Let us consider the diagram where,\[AC = 51\], \[B\] is the marked point such that, \[AB = 25\]. Again, \[PQ = AD = 5\]

It is given that,

\[\angle CQB = \angle AQB\].

Therefore \[QB\] is bisector of angle \[\angle AQC\] and as such it divides the base \[AC\] in the ratio of the arm of the angle

\[\dfrac{{AB}}{{BC}} = \dfrac{{QA}}{{QC}}\]

We are going to use Pythagoras theorem for following triangles,

From \[\Delta QDA\] we have, \[\sqrt {Q{D^2} + A{D^2}} = QA\]

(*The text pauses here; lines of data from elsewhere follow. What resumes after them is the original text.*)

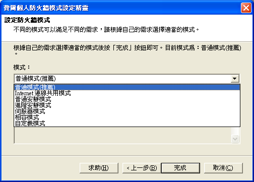 選擇一個模式並按「完成」按鈕完成模式設定。當你選擇一個模式後,它的說明將隨之被顯示在下方
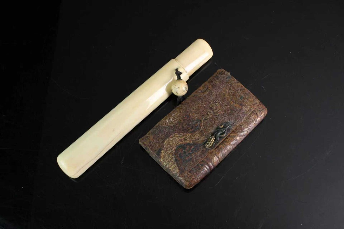 - K1987 時代 提げ物 煙管筒 煙草入 喫煙道具 天然素材 東洋雕刻 【{
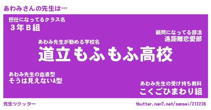 | 欧米人風あだ名 | 『マイケルあわみ』『あわみクリステル』 |
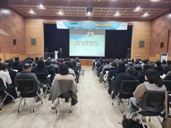 이날 동고양세무사회 회장인 장창민 세무사의 2023년 달라지는 종합부동산세, 양도소득세, 상속·증여세 설명회와 법무법인 태평양 지방세 전문위원인 오정의 전문위원의 취득세, 재산세 절세팁 설명이 이뤄졌다.
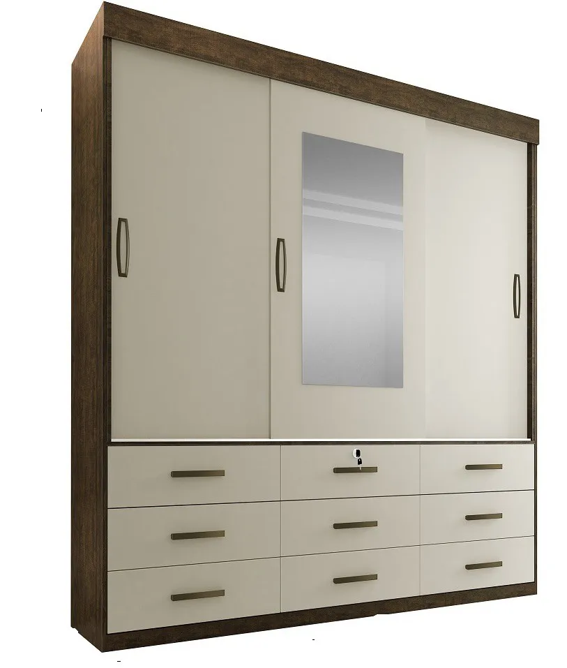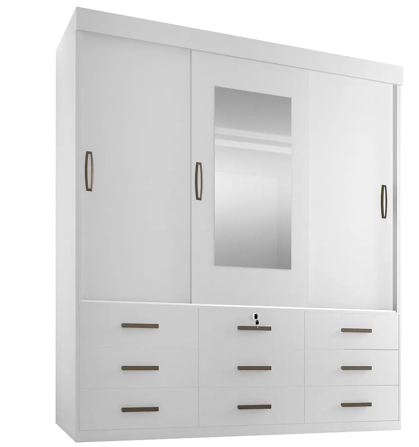 Alt.: 216cm – Larg.: 202cm – Prof.: 52cm – 9 Gavetas – 3 portas de correr – Puxadores embutidos – Gaveta
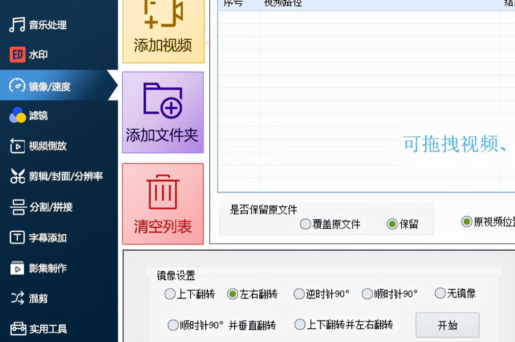 然后根据自己的需要选择镜像设置,可以上下翻转,左右翻转,也可以做顺时针逆时针旋转等等。选择好要处理的效果之后,点击开始,就可以一键批量产出视频了,是不是很简单呢。
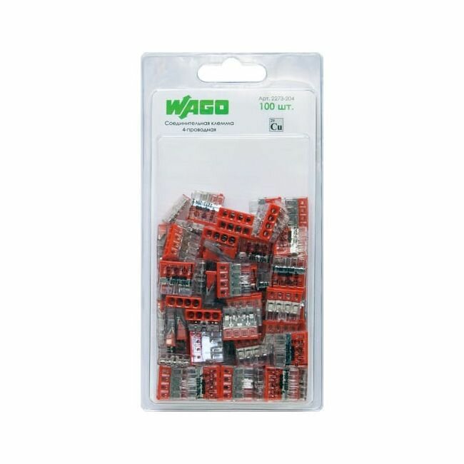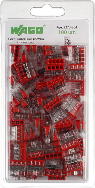 WAGO Соединительная клемма WAGO 4-х проводная (2273-204) 6 шт. в блистере
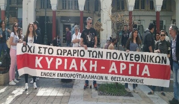 Μέλη της Ένωσης Εμποροϋπαλλήλων Ν. Θεσσαλονίκης θα συγκεντρωθούν στις10.00 στη στοά Χιρς για να πραγματοποιήσουν διαμαρτυρία υπέρ της Κυριακάτικης αργίας, ενώ την ίδια ώρα, ο Συντονισμός δράσεων ενάντια στην Κυριακάτικη εργασία δίνει ραντεβού στη συμβολή των οδών Τσιμισκή με Αριστοτέλους.

From \[\Delta QDC\] we have, \[\sqrt {Q{D^2} + D{C^2}} = QC\]

Let us substitute these values of the sides in the above equation we get,

\[\dfrac{{AB}}{{BC}} = \dfrac{{\sqrt {Q{D^2} + D{A^2}} }}{{\sqrt {Q{D^2} + D{C^2}} }}\]

Let us consider, \[PA = QD = x\]

Let substitute these known as values we get,

\[\dfrac{{25}}{{26}} = \dfrac{{\sqrt {{x^2} + {5^2}} }}{{\sqrt {{x^2} + {{46}^2}} }}\]

On squaring both sides and cross multiplying we get,

\[625({x^2} + {46^2}) = 676({x^2} + 25)\]

Om simplifying the above equation, we get,

\[51{x^2} = (625 \times {46^2} - 676 \times 25)\]

Simplifying again we get,

\[{x^2} = 25600\]

Taking square root on both sides of the above equation we get,

\[x = 160\]

Hence, the required distance is \[160\]m.

To find the value of x diagram plays a major role, it will help us by leading it to find the triangle to which the Pythagoras theorem is applied.